We looked at each other for a moment and it was hard to tell whose smile was wider. I wanted to kiss her before she walked out the door, but I had to show I was willing to stay seated.
“Were you on the phone,” she asked as the crumbs from her bite sprinkled onto the news?
“Salesperson.”
“What were they sellin’?” Purple-red jam was nestled at the commissures of her mouth.
“Nothing I wanted.” I wanted her to lick her lips in a slow motion.
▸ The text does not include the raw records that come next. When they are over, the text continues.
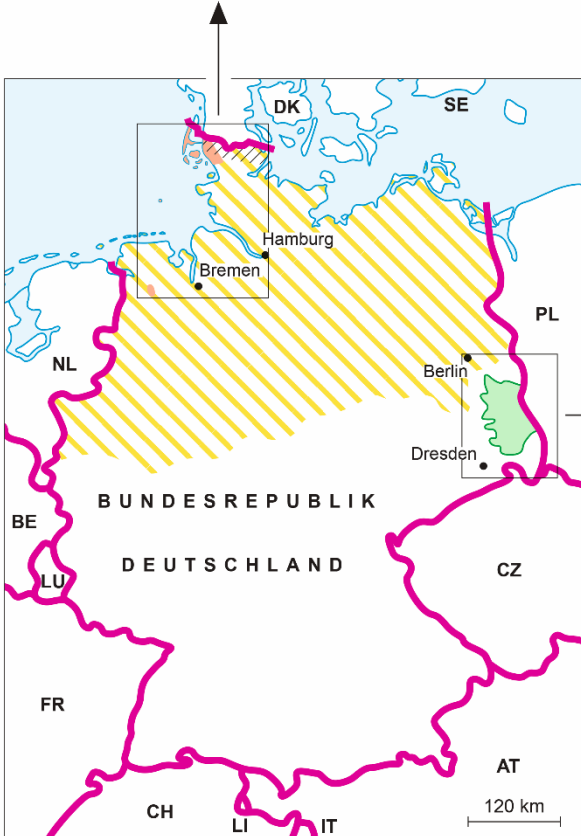
Deutsch-sorbische Sprachgebiete German-Sorbian language regions

Kartographie / Cartography: Bundesamt für Kartographie und Geodäsie, Frankfurt am Main, 2016
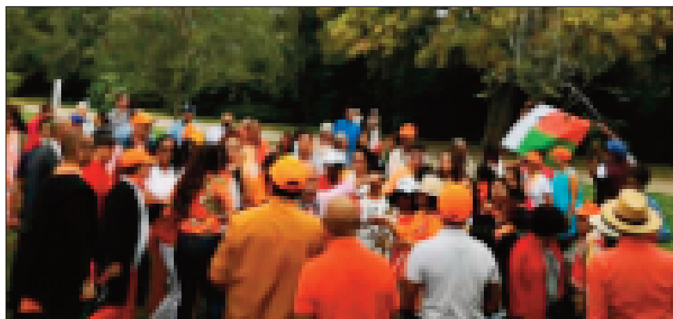
Diaspora fôpla, hoy ireo Malagasy monina any ivelany, miara-dia amin'ny mpanohitra aty Madagasikara na RMDM dispora.
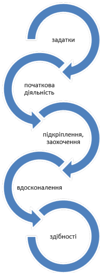
Рис. 2. Механізм формування покликання на етапах дорослішання

не враховує якості самої особистості, а також те, що людина в процесі діяльності змінює навколишній світ [15]. Згідно принципу реципрокного детермінізму поведінка, зовнішнє середовище й індивід є взаємодетерміновані [15]. Опіраючись на дослідження А. Бандури та Ф. Скінера, ми пропонуємо механізм висхідної спіралі, згідно якого дитина яка має певні задатки на початкових стадіях, а тому має більше шансів отримувати більше заохочення. В результаті отримання заохочення вона буде продовжувати діяльність, під час чого задатки будуть переходити в здібності. Наприклад, дитина, яка почала відвідувати спортивну секцію з боксу при наявності задатків відразу досягає певних успіхів і зацікавлює тренерів. Це призводить до продовження занять, в яких задатки розвиваються і дозволяють отримувати подальші заохочення, а ті, в свою чергу, стимулюють до подальших занять (див. рис. 2).
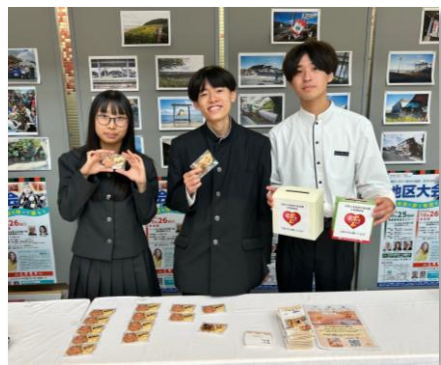
【能登応援ブースでの販売活動】
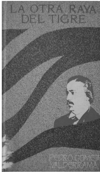
Imagen 2. Portada: La otra raya del tigre (1978).
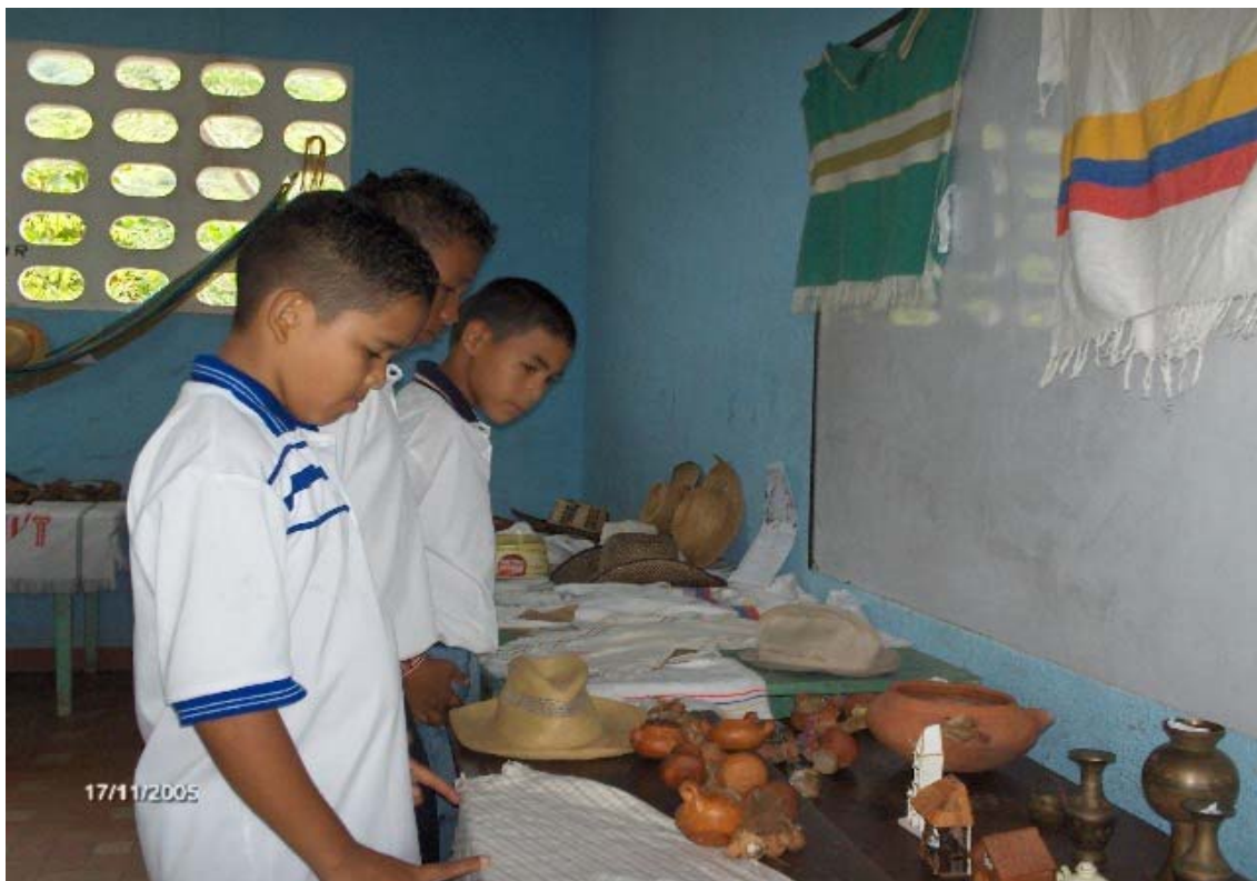
Figura 9. Museo étnico organizado por el alumnado de 8° grado I.E.D. Nicolás Buenaventura
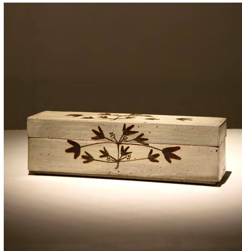
분청 철채 직사각합

9.5×37×11cm sand, engobe, bakji techniques 2006
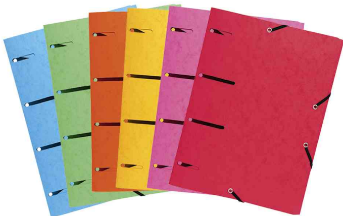
Sammelmappe "Punchy +", 4-fach Lochung
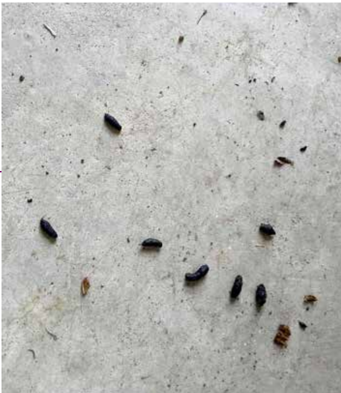
▲ ガレージ床ネズミのフン

ダラス近辺で、野ネズミはどこにでもいる野生動物です。毒入りの餌で駆除だけしても、またどこからかやってきます。侵入経路を絶つのは絶対に必要な対策です。持ち家の方はこの事例を参考にしてください。借家の方も、何か気配があったら大家さんか管理会社の方にご相談ください。しつこくお願いしてしっかり駆除してもらいましょう。
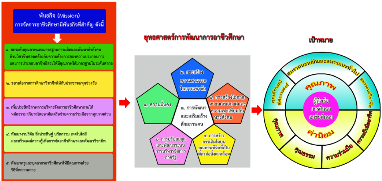
ภาพที่ ๒ ความเชื่อมโยงสาระสำคัญของแผนพัฒนาการอาชีวศึกษา พ.ศ. ๒๕๖๐ - ๒๕๗๙
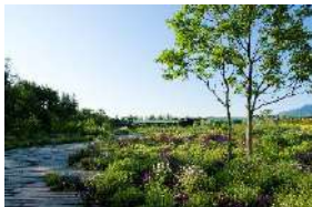
日高山脈のふもとにあり圧倒的なスケールの自然と多彩な庭を楽しむ。
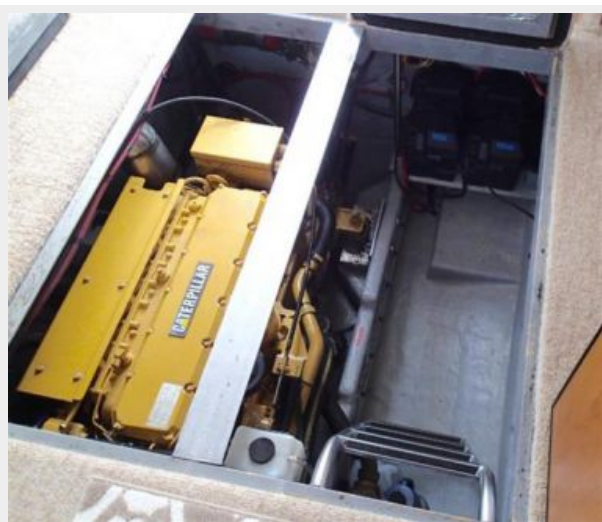
Engine Access Aft View
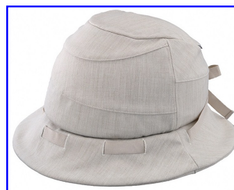
株式会社オージーケーカブトのヘルメット
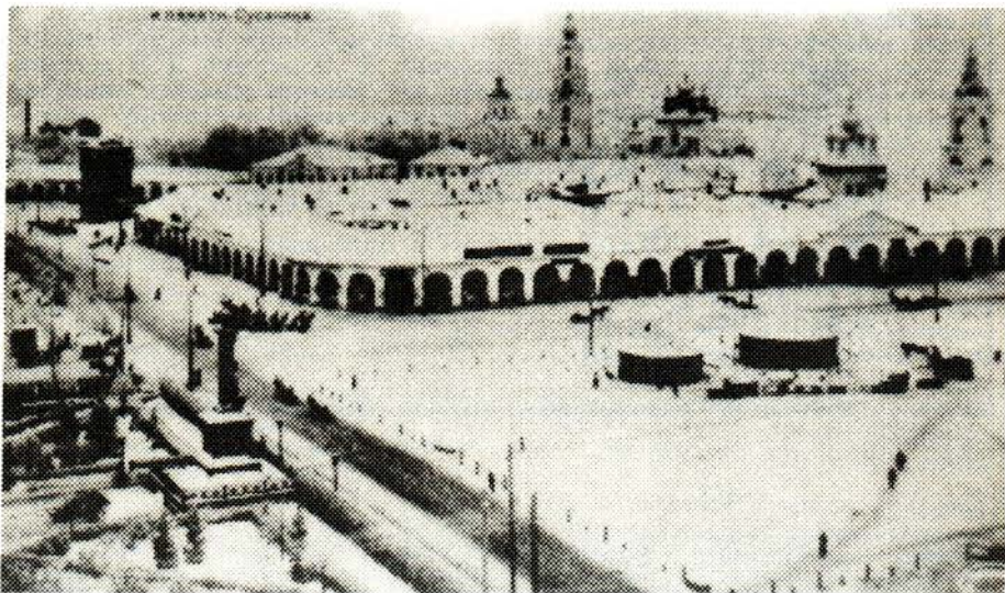
16. Вид с пожарной каланчи на городской плац с цирковыми балаганами. 1916 год.

До 1891 года в Костроме не предпринималось попыток строительства цирковых зданий, весной девяносто первого темирханшуринский мецза-
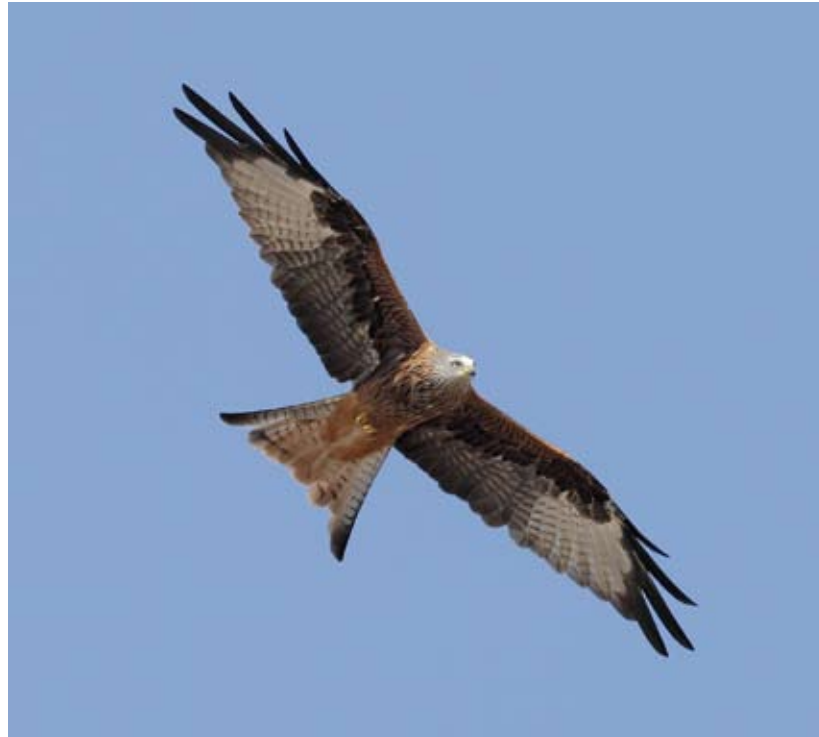
Tekst: Erik De Keersmaecker

De vogels live ontmoeten kan tijdens een bustocht naar de Oostkantons. Daar zullen vooral de prachtige rode wouwen de aandacht trekken. Voor iedere natuurliefhebber is het een waar genot om naar deze vogels te kijken, Dankzij de diep gevorkte staart zijn ze bijzonder wendbaar. Hun vliegtechniek is totaal anders dan van buizerd, eveneens een algemene broedvogel in de Oostkantons. Buizerden gaan hoog in de lucht cirkels draaien, en speuren daarbij naar het landschap onder hun. Rode wouwen gaan wiekend en draaiend op zoek naar een prooi, tijdens de broedperiode zijn dat niet zelden jonge kramsvogels, die door de wouwen uit de nesten worden geplukt.
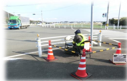
交通量調査（大久保町）
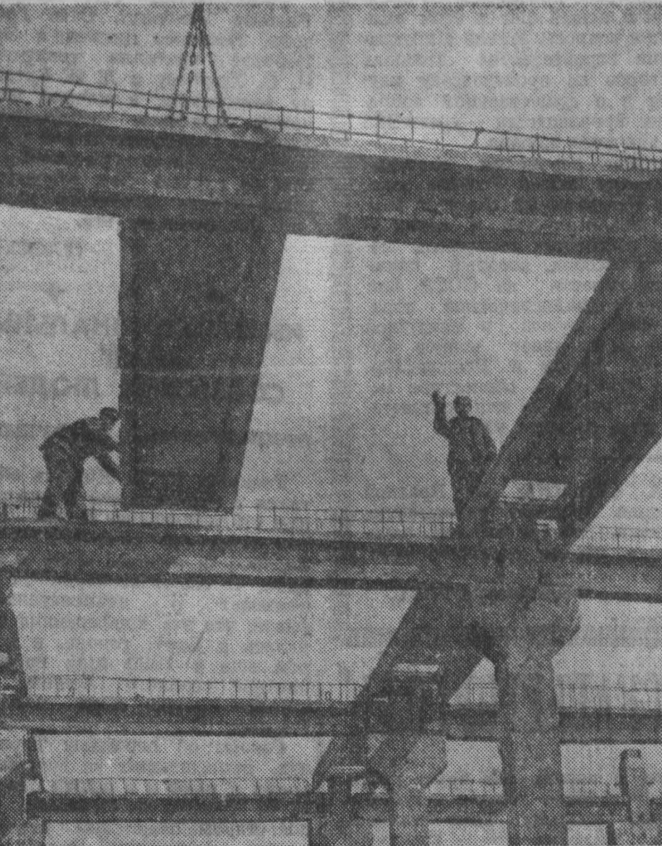
Строится Кемеровский завод синтетического волокна. Монтаж химического корпуса.
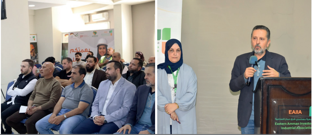
جلسة توعوية حول أنظمة السلامة والصحة المهنية والتشغيل
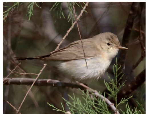
Zarcero pálido Iduna pallida . Barranco de la Torre, Fuerteventura (Las Palmas), 14 de junio de 2014.
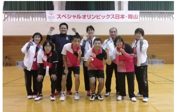
11/2 (土) SON・岡山バドミントン競技会
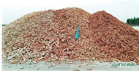
บับสำปะหลัง

โดยสินค้าที่สำคัญประกอบด้วย ยางพารา จะมีการบริหารจัดการทั้งด้านปริมาณและชีพพลาย โดยในด้านปริมาณ (ความต้องการ) มีการส่งเสริมการใช้ภายในประเทศเพื่อลดผลผลิตที่จะเข้าสู่ตลาด โดย
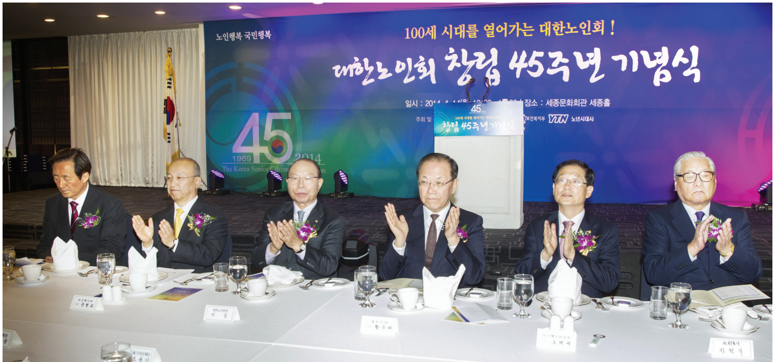
▲ 4월14일 세종문화회관 세종홀에서 열린 대한노인회 창립45주년 기념식에서 이 심 회장 등 참석자들이 박수를 치고 있다. 왼쪽부터 정몽준 새누리당 서울시장 예비후보, 문형표 보건복지부 장관, 이 심 회장, 황우여 새누리당 대표, 오제세 국회 보건복지위원장, 정원식 전 국무총리.
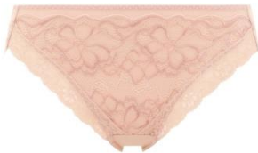
ハイキニショーツ
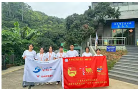
“荔”行向阳突击队“三下乡”活动
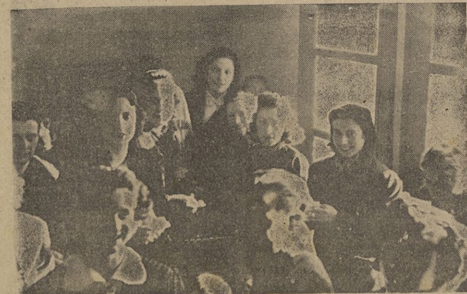
Preciosas chiquillas, espléndido ramo de lindas gardenias, que ayudaron nuestra labor preparando las papeletas que habían de servir para el sorteo.

El referirnos a ellas individualmente sería labor larga y difícil. Entre las auxiliares honorarias, las había rubias y morenas. Pero a fuer de sinceros hemos de decir, que si a propósito se hubiesen elegido, no habrían podido encontrarse ni más simpáticas ni más bonitas. Orgullosos nos hallamos de nuestra suerte, y al dar gracias al ramillete de rosas de pitimín que con nosotros colaboraron, les suplicamos nos perdonen si de nuestra pluma no sale el inspirado madrigal que merecen, pero, ciertamente, las emociones del día nos han dejado un tanto fatigados, y la fluidez de que tantas veces hicimos gala, hoy nos falla, y solo sabemos decirles ¡Gracias, preciosas!
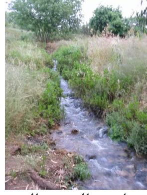
خربة جدين: مياه نهر الجعتون التي تجري بجانب القلعة
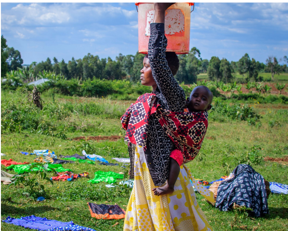
Wasichana wa umri wa balehe wakitembelea kituo rafiki kwa vijana kabla ya kuibuka kwa janga la COVID-19 nchini Tanzania.

K wa msaada wa Shirika la Umoja wa Mataifa la Idadi ya Watu (UNFPA), asasi isiyo ya kiserikali ya 'Matumani kwa Wasichana na Wanawake' ya nchini Tanzania inaendesha nyumba salama mbili katika wilaya za Serengeti na Butiama mkoani Mara kwa ajili ya wasichana waliokimbia kufanyiwa tohara makwao. Pamojanakwambautamaduni huo umeharamishwa nchini Tanzania tangu mwaka 1998 na ahadi ya serikali ya kutimiza na kufikia lengo la dunia la kukomesha kabisa vitendo vya ukatili kwa msingi wa
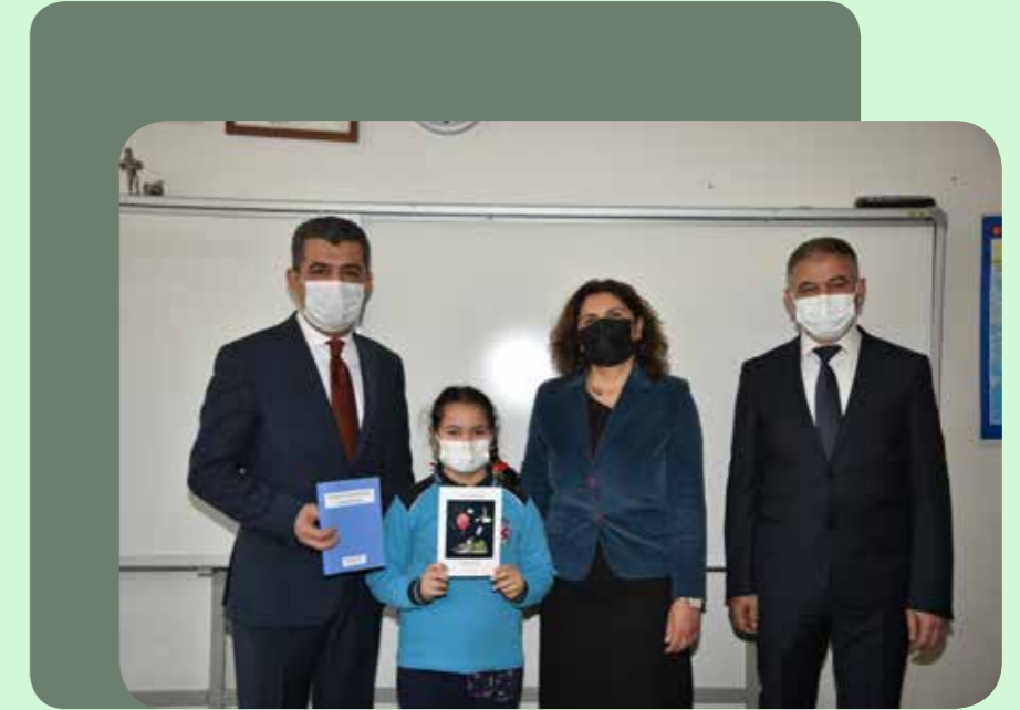
KÜÇÜK YAZARLAR KİTAP TANITIMI

Hacı İbrahim Demireren Cumhuriyet İlkokulu öğrencileri, salgın döneminde, kendilerinin yazdıkları hikâyelerden oluşan kitaplarını tanıttılar. Öğrenciler uzaktan eğitim sürecini, hikâye türünde yazdıkları metinleri kitaplaştırarak bir eser oluşturma deneyimi elde etmişlerdir. Kendi hayal dünyalarının yansıması ile oluşturdukları hikâyelerin kitaplaştırılması ile önemli bir deneyim elde eden öğrenciler kitabın yazarı olmaktan büyük mutluluk duyduklarını ifade ettiler.
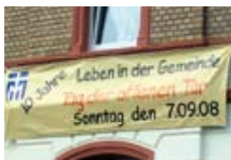
Das Motto: Leben in der Gemeinde.

Heute werden in einem multiprofessionellen Team 43 Klientinnen und Klienten aus dem Versorgungsbereich der Stadt Hermeskeil und den Verbandsgemeinden Hermeskeil und Thalfang sowie aus Teilen der Verbandsgemeinden Kell am See und Ruwer begleitet und individuell betreut.
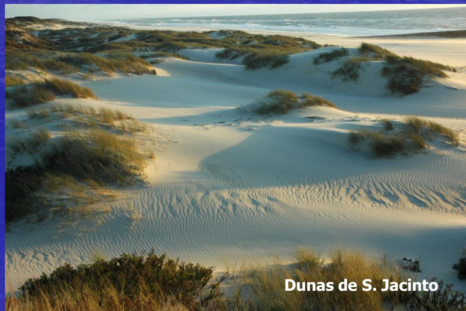
Dunas de S. Jacinto
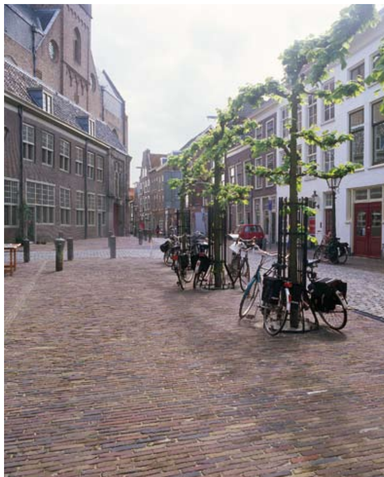
Locatie: Harlebergkerk, Leiden. Voorbeeld van historisch straatbeeld.

idee wat jouw meerwaarde is ten opzichte van andere steden." Schop vervolgt: "In de invulling van de eigenheid en meerwaarde van een stad komt het onderwerp 'ruimtelijke inrichting' om de hoek kijken. In de bestrating, maar ook het straatmeubilair, de verlichting, de beplanting en de architectuur van de omgeving profileert een stad zich. De stad kiest als het ware een gezicht dat bij haar past." In Rotterdam ziet Schop een goed voorbeeld van de samenhang tussen citymarketing en ruimtelijke inrichting. "De Kop van Zuid is gerealiseerd vanuit één stedenbouwkundig concept. Daaruit blijkt dat het bestuur een visie heeft op wat Rotterdam kenmerkt ten opzichte van bijvoorbeeld een stad als Amsterdam." In de wijze waarop onze hoofdstad het inrichtingsvraagstuk oplost, komt volgens Schop de valkuil van de marktleiderspositie tot uitdrukking. "De marktleider dreigt in te slapen. Dat zie je in Amsterdam in een inrichting van de open-

She picked up her jade purse from the table, the size of my fifth grade lunch box before closing the empty fridge.
“C ya. Call me.”
“Just come back.”
“I just might,” she playfully promised, waved and left.
I doubted it. This voyage for hers was at the onset; she’ll be cruising on a fantastic trip through the ups and downs, maybe all the way to Laguna Beach. I wasn’t an up or a down, just a tourist stop.
I flipped through the movie guide section and thought back to Vanilla and our sexual mishaps. They had become an infinite date-movie, where no one could turn down the sappy automatic score peaking when the million dollar-method actor motioned for it. Fix it all in post-production, a saying never truer for such an occasion. Could I fix it after the product was produced? The credits in this far too realistic film should never be rolled because this was beyond naming, listing all the bit memories for all the bit parts, my part being a bit too unconvincing to be acknowledged as a credit.
Night time was coming on like the ache from a rotting tooth. That line vacationed in the belly of my brain…almost turns deadly.
I had to get up, find my sandals and go for a walk before the phone could do more damage.